August 11, 2016

Day 83 - High Water Waiting

We tried to time our arrival into Ire Inlet on Anger Island for high water slack at around 4pm, but we made better progress than expected and needed to kill some time before entering. We cut the engine and drifted for an hour while we ate lunch. It was tough duty on a windy summer day in the sunshine with wild coastline all around. Kay and Wendy put together a delicious spinach salad with tuna salad on crackers. We drifted along at two knots in a stiff, steady breeze, without the benefit of sails.

The further we get from Prince Rupert, the more remote it feels. There are no longer any signs of human presence and we only saw one other vessel all day. We passed Sine, Cosine and Tangent Islands, so named by surveyors who found the islands difficult to record without trigonometric conveniences.

The entrance into the inlet was about as narrow as we've seen on this trip, with rocks on one side and fallen trees encroaching on the other. Threading our way through, we were glad for the high tide.

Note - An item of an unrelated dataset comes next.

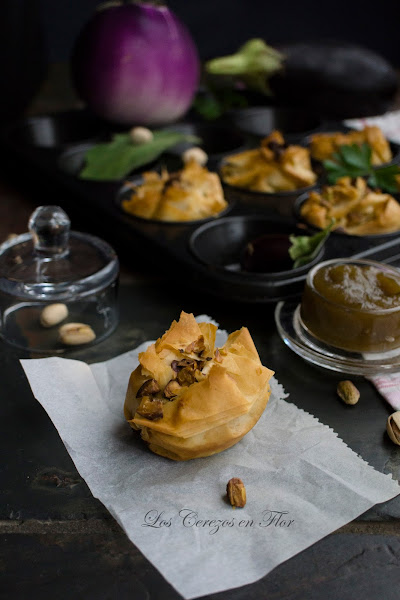 PASTELITOS CRUJIENTES DE MERMELADA DE BERENJENAS, QUESO FETA Y PISTACHOS

There's a sidebar in our guidebook by Douglass detailing the misfortune of one sailboat that got their rigging wrapped up in one of the trees on the way in and were forced to extricate themselves with saws, doing considerable damage to the boat in the process. Thankfully we avoided such pitfalls, but we did see the results of their labors fifteen years later.

Tomorrow we'll make our way out the way we came in. Getting out at high tide again will mean a 5am start. Up at 4:50 and out at 5:00; there'll be no waiting around for it.